本当に何事もないように普通に接してくれた。
まさかのあだ名呼び返しには驚いたが、何だか嬉しく思えた。
「い、いっくん…」
「? どうした?」
「…今日だけ、こう呼んでて良いかな?」
「え? 別に、今日だけじゃなくても全然構わないけど…」
「いつもの呼び方で慣れちゃってるから、まだ慣れなかったみたい……」
柘榴は困ったように微笑む。
「そっか、じゃあ俺も今日はそのままくろって呼ぼうかな」
「いっくんにそう呼ばれるの、何か不思議な感じがする……」
「新さんにはそう呼ばれてるのに?」
「あうっ、いっくん意地悪だね…」
「意地悪とは失礼な。
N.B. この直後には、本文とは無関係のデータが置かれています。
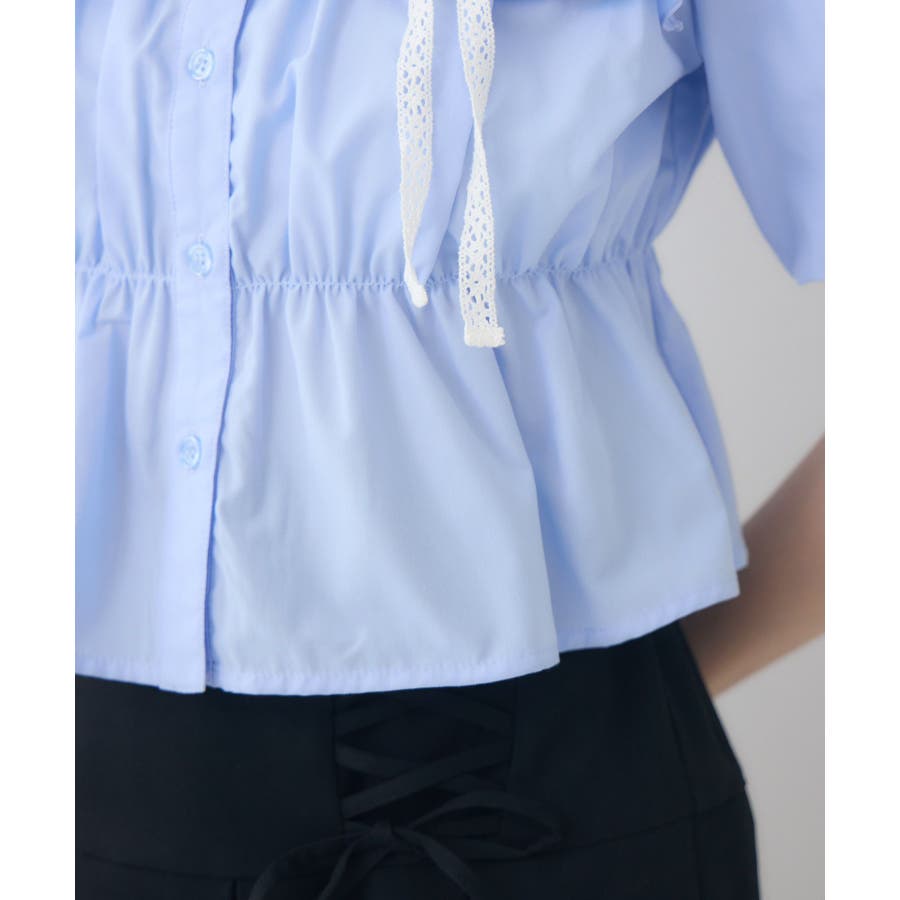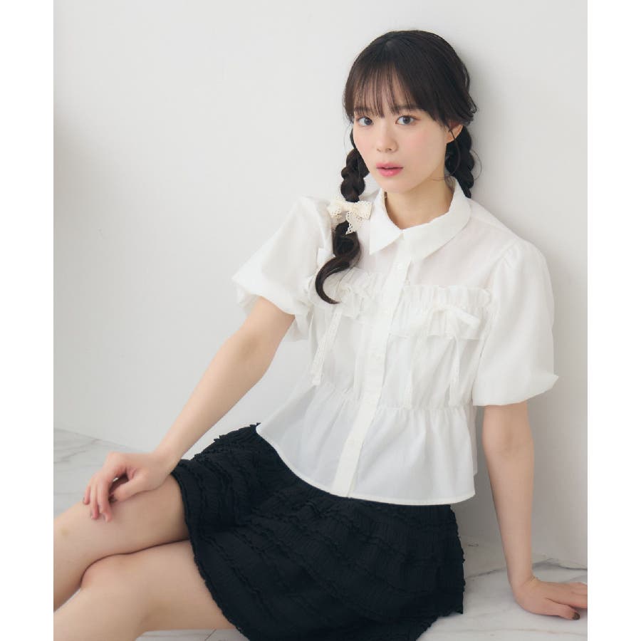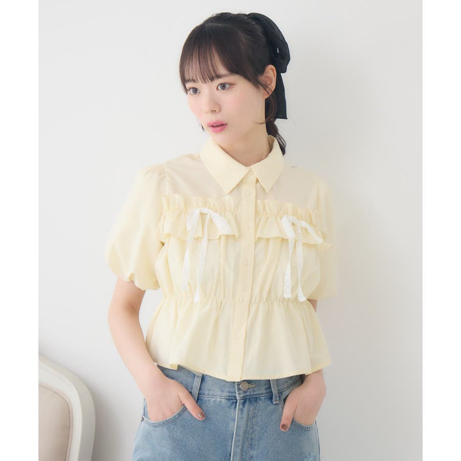 <胸元のギャザーとレースリボンがガーリーなデザインシャツ>▼デザイン昨年も大人気を頂いたemsのシャツアイテム!今年トレンドのギャザーデザインと可愛らしいレースがMIXしたこだわりの1枚。ふわっと広がるペプラムシルエットで、ウエスト周りもカバーしてくれます◎▼コーディネートギャザーとリボンというデザインを活かしたガーリーコーデがおすすめ!フレアスカートが定番ですが、あえてデニムでカジュアルダウンするのも◎------------------------------生地感:普通伸縮性:なし透け感:なし裏地:なし------------------------------▼ブランド紹介ems excite (エムズエキサイト)“more fun more cute”今をもっと楽しくもっと可愛くいたい女の子に向けたgirly cuteなブランド#レースリボン #リボン #リボンシャツ #リボン#リボンデザイン#ガーリーコーデ▼注意事項※撮影環境やモニター環境によって実際の商品とお色味が多少異なってみえる場合がございます。品番:EM580023G011 / 品名:レースリボンペプラムSH

くろがいつも以上に歩み寄ってくれたから、俺もそれに応えたいって思っただけだよ」
「!いっくん……」
ふいに言われたその言葉に、柘榴はまた頬を赤らめる。
「…待ってて、くれる?」
「ん…?」
「いつかちゃんと、そう呼べるようになるね」
「おっ、いつでも待ってるよ!」
「うん、ありがとういっくん…!」
その後も、寮に戻るまでずっとあだ名で呼び合う2人であった……。